**Input material**
[Start of Attachment]

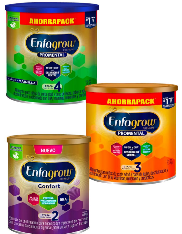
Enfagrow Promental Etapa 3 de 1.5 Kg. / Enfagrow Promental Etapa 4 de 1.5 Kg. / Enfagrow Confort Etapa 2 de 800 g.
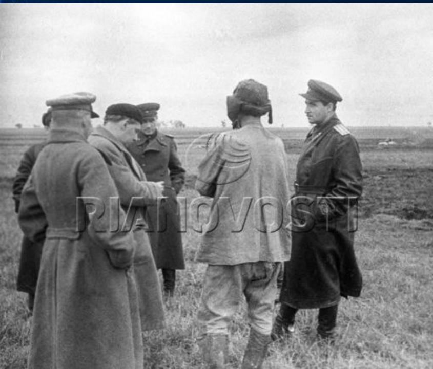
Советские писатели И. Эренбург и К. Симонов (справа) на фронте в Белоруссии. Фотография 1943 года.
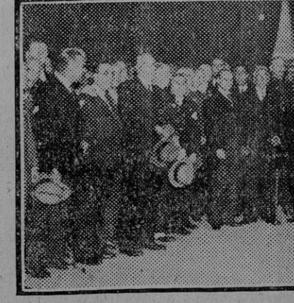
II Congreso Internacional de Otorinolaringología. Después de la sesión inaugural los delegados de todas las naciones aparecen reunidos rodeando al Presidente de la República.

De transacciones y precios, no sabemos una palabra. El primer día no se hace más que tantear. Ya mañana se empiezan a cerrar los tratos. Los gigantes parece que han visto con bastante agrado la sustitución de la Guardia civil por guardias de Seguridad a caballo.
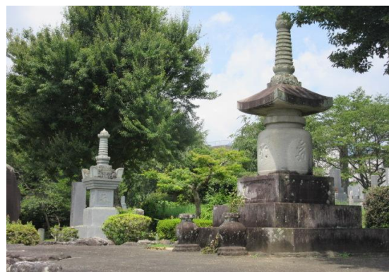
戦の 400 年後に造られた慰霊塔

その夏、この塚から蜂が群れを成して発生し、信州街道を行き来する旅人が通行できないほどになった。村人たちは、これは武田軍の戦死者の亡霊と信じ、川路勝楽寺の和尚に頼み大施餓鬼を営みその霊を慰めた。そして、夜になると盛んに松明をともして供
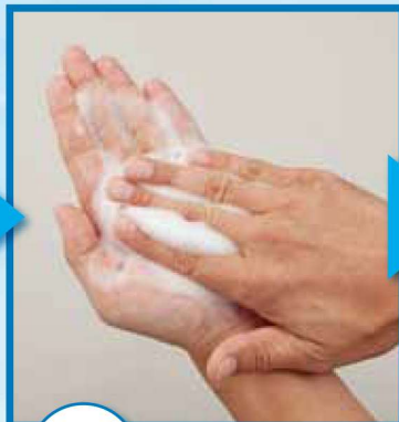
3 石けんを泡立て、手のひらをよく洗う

[End of Attachment]
[Start of Attachment]

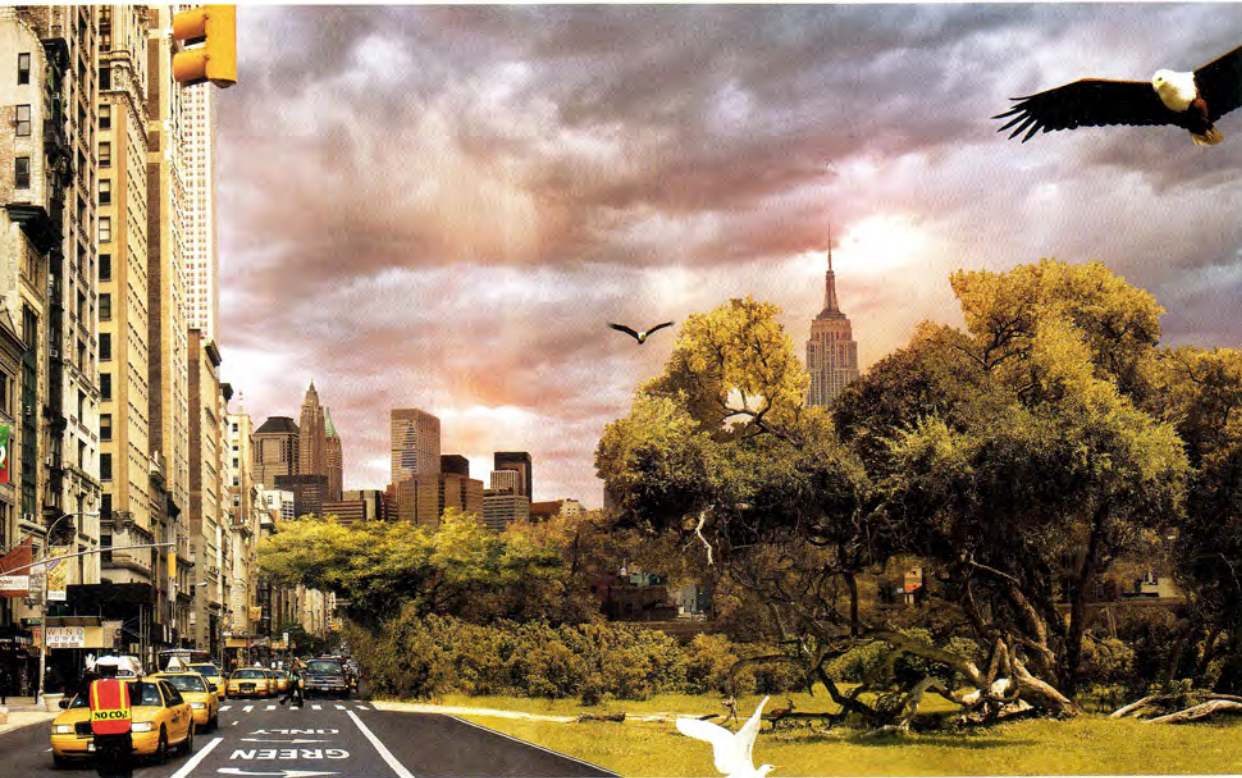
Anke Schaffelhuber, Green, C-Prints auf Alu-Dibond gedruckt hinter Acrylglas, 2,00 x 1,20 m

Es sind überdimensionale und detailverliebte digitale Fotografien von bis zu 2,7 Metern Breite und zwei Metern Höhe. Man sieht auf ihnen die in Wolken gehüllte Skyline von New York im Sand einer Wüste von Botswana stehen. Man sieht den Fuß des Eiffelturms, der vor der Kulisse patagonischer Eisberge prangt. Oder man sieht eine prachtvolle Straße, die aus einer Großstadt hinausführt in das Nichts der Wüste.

[End of Attachment]

**What is required**
Here the job is to copy the stretch of records from the line containing "戦の 400 年後に造られた慰霊塔" through the line containing "3 石けんを泡立て、手のひらをよく洗う", word for word. Leave every picture out.

**Answer section**
戦の 400 年後に造られた慰霊塔

その夏、この塚から蜂が群れを成して発生し、信州街道を行き来する旅人が通行できないほどになった。村人たちは、これは武田軍の戦死者の亡霊と信じ、川路勝楽寺の和尚に頼み大施餓鬼を営みその霊を慰めた。そして、夜になると盛んに松明をともして供
3 石けんを泡立て、手のひらをよく洗う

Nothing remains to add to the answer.